- Work order
Using the data that follows, give again word for word the lines between the one holding "三湘都市报11月5日讯(通讯员 郭瑶 记者" and the one holding "Automatic watch, features", inclusive. Omit the pictures.

Records excerpted from a collection:
◇ ◇ ◇
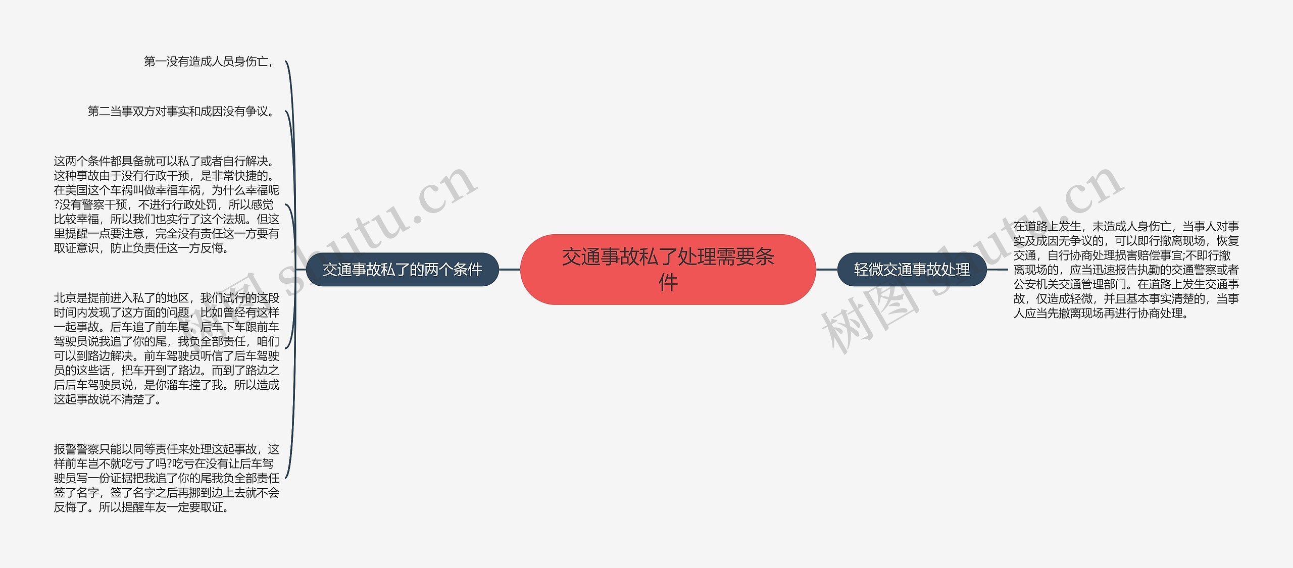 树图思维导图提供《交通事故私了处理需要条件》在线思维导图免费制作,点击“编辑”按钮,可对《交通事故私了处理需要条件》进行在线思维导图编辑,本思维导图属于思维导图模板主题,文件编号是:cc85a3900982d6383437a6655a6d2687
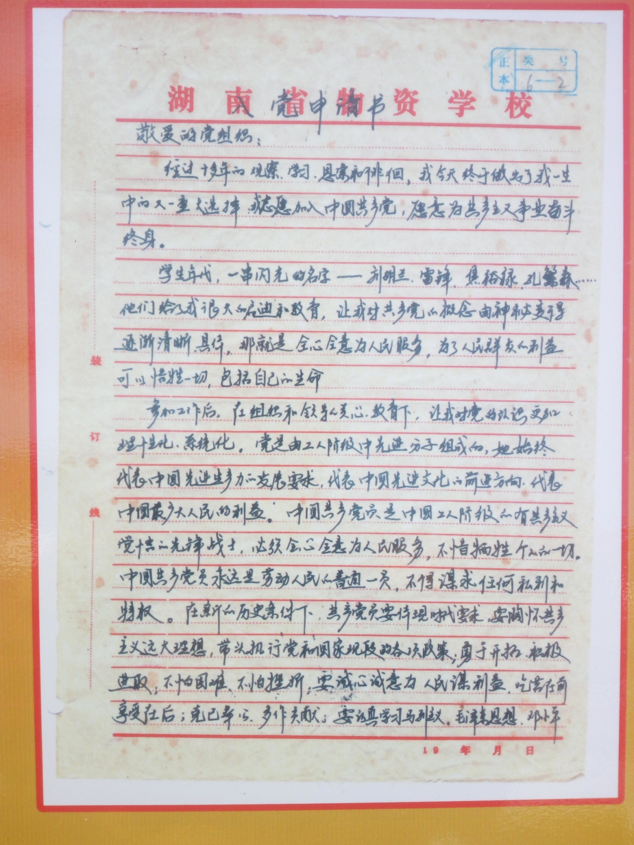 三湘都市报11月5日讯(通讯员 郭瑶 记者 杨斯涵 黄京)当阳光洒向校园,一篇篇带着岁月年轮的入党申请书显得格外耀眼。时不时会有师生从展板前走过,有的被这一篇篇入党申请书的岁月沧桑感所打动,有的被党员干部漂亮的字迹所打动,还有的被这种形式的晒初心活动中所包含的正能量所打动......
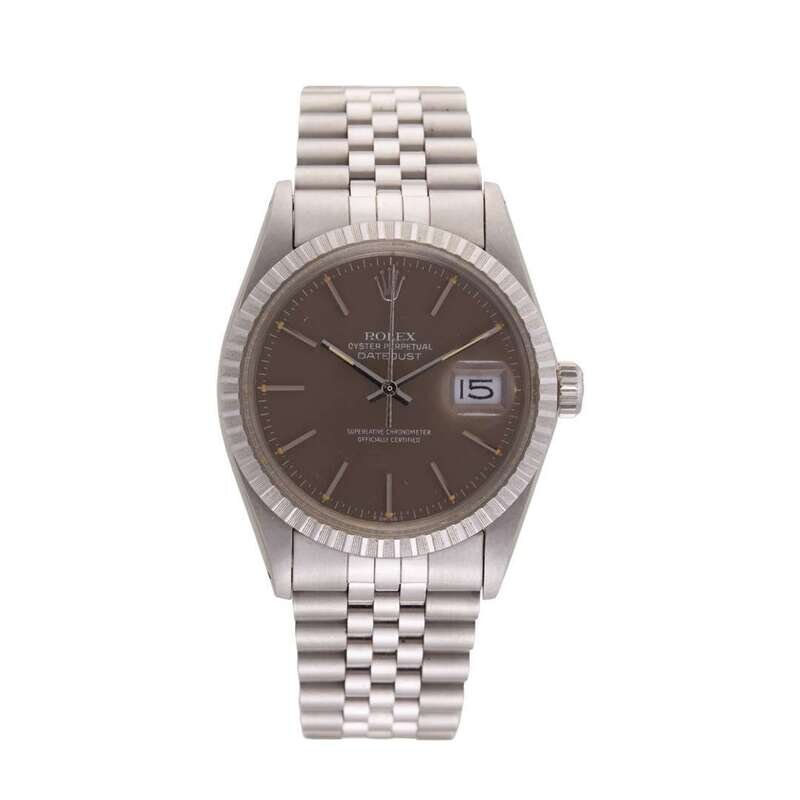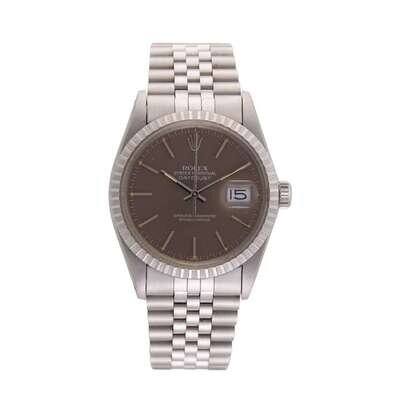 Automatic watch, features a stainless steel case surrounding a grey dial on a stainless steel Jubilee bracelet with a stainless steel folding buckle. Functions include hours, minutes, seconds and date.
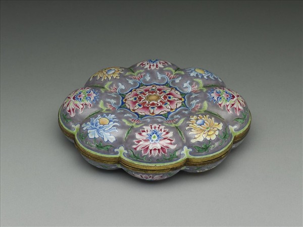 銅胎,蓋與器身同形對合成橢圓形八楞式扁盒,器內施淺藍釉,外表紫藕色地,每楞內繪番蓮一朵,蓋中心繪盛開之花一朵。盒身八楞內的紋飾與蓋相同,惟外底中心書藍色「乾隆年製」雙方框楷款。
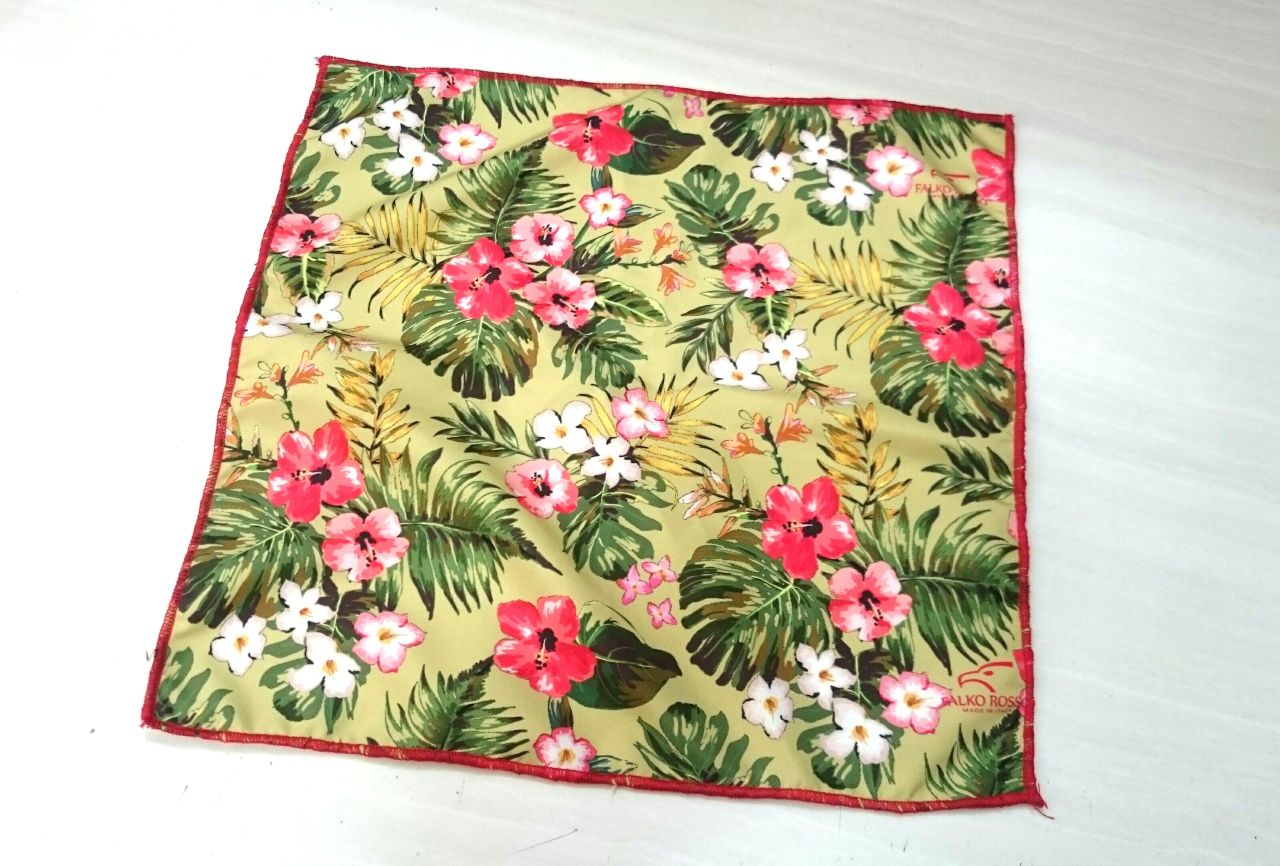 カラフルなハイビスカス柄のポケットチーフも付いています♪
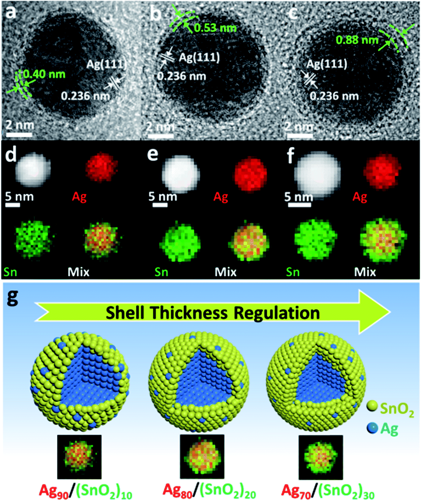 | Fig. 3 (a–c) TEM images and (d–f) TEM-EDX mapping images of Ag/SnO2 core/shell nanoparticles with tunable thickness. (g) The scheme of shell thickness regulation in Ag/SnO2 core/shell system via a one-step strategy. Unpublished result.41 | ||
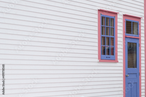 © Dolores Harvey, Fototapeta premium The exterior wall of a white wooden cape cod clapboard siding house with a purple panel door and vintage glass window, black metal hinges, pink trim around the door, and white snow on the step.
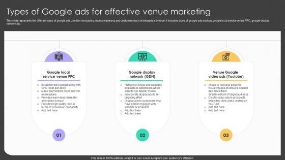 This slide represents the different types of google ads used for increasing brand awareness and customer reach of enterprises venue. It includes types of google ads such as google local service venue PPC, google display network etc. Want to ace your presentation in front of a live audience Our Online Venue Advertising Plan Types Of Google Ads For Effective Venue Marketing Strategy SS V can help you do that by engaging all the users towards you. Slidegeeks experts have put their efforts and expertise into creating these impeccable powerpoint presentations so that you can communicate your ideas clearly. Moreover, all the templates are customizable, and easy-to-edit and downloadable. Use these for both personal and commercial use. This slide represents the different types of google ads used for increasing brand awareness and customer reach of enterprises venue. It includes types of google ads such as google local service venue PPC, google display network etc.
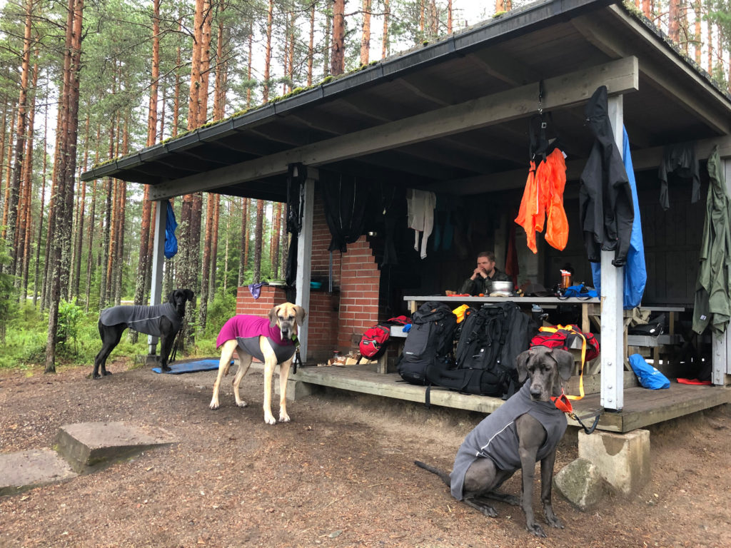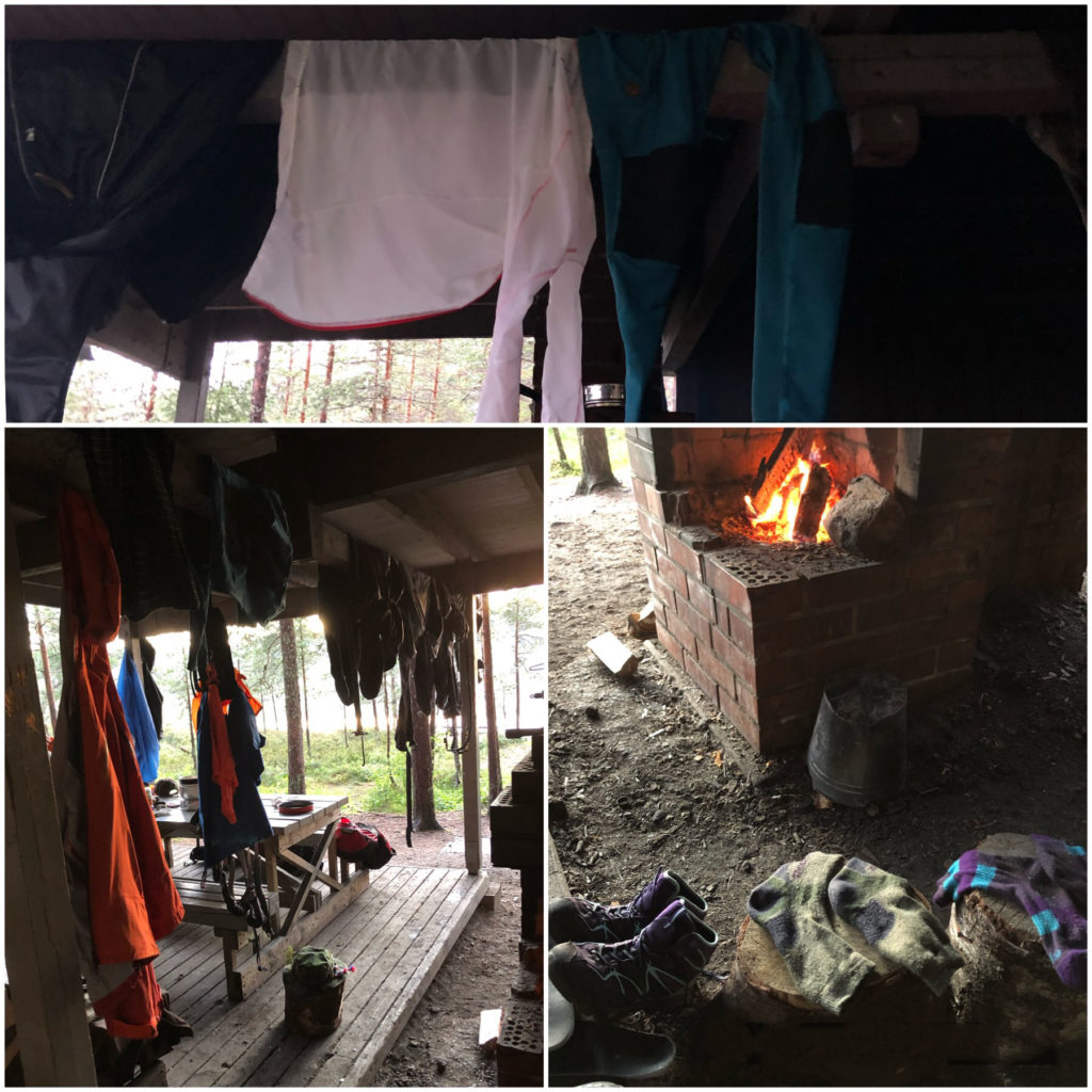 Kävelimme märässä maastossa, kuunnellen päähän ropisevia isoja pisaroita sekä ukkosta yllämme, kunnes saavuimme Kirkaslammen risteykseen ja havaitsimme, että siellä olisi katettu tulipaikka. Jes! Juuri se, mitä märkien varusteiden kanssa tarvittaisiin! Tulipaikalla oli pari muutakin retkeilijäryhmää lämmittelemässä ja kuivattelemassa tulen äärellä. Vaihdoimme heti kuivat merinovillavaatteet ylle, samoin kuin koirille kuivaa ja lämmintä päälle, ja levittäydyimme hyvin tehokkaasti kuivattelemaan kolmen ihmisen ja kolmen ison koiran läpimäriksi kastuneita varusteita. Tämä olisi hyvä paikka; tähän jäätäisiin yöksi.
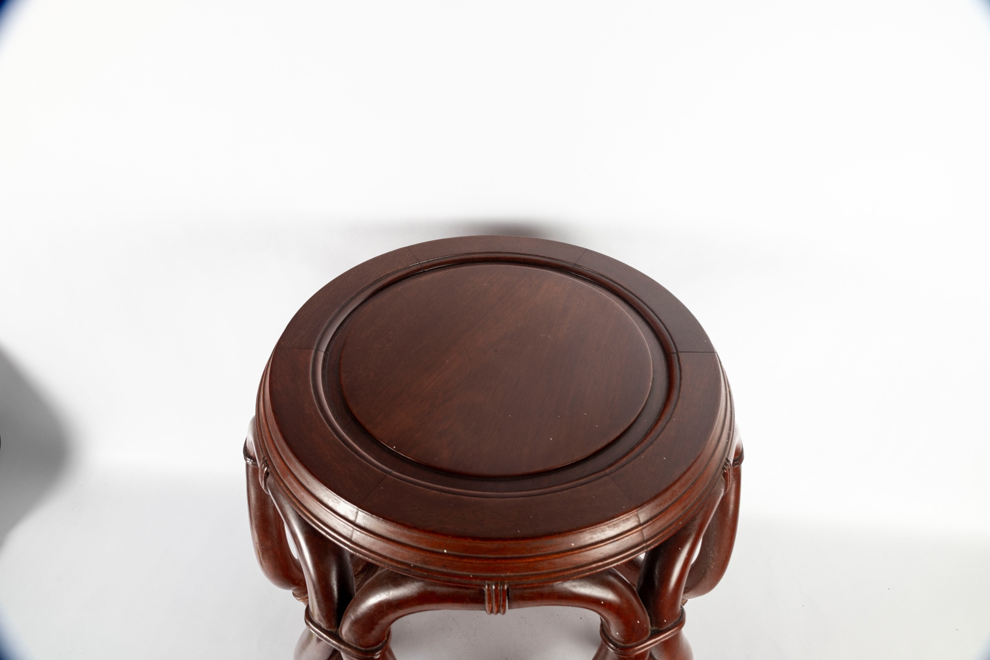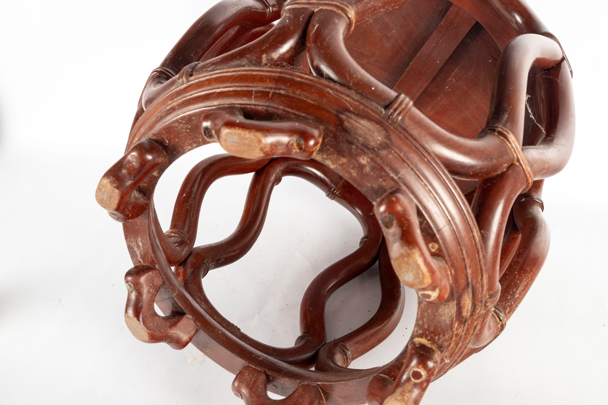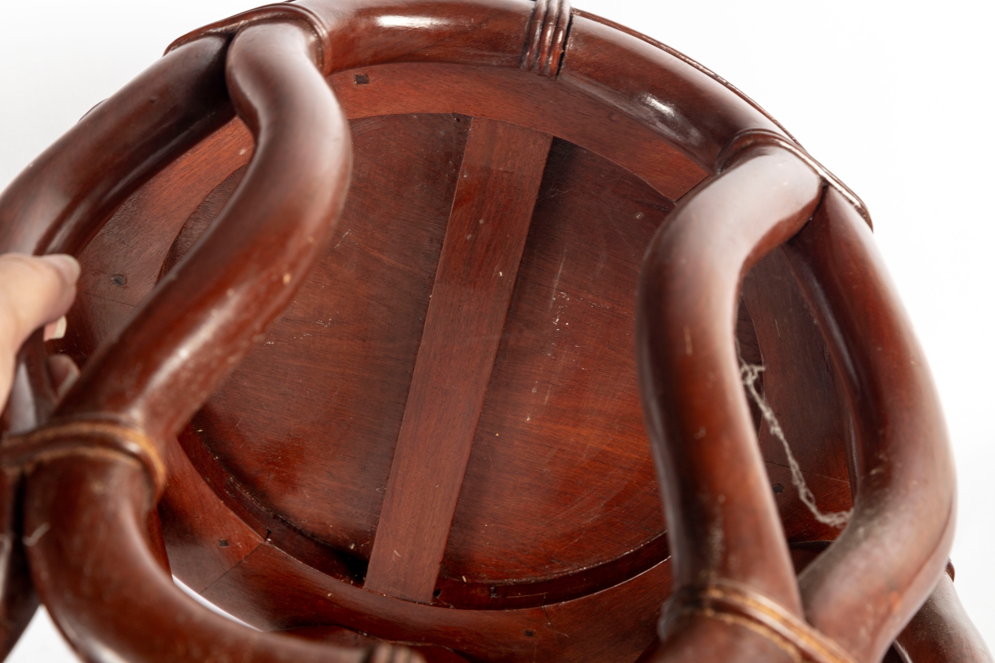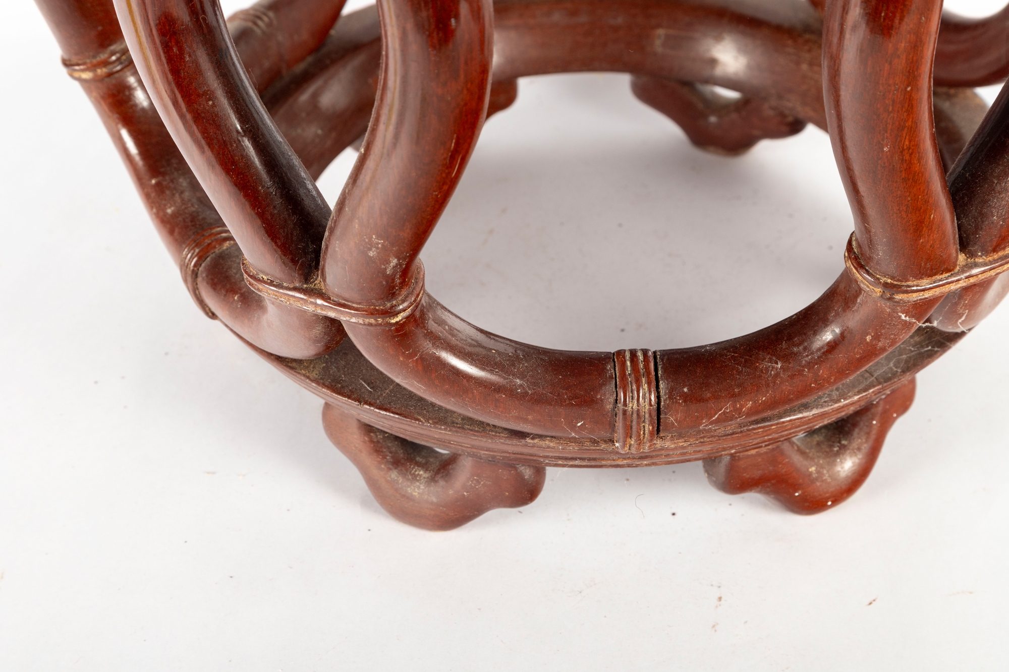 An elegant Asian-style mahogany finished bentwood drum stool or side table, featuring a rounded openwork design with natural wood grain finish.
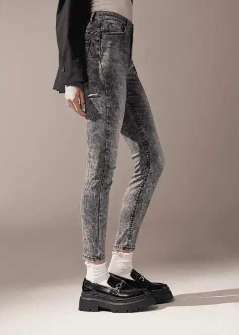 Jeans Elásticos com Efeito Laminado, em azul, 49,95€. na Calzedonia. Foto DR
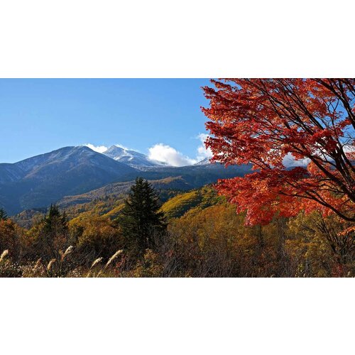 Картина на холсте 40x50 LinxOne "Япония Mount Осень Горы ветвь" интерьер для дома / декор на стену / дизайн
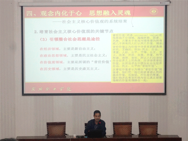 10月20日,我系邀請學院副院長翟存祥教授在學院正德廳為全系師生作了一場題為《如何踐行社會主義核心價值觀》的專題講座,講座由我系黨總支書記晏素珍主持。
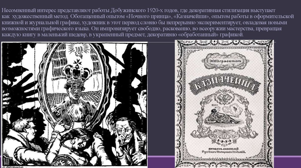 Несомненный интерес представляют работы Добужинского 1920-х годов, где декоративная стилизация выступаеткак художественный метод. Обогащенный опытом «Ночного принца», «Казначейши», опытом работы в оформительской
◇ ◇ ◇
- Solution below
 三湘都市报11月5日讯(通讯员 郭瑶 记者 杨斯涵 黄京)当阳光洒向校园,一篇篇带着岁月年轮的入党申请书显得格外耀眼。时不时会有师生从展板前走过,有的被这一篇篇入党申请书的岁月沧桑感所打动,有的被党员干部漂亮的字迹所打动,还有的被这种形式的晒初心活动中所包含的正能量所打动......
 Automatic watch, features a stainless steel case surrounding a grey dial on a stainless steel Jubilee bracelet with a stainless steel folding buckle. Functions include hours, minutes, seconds and date.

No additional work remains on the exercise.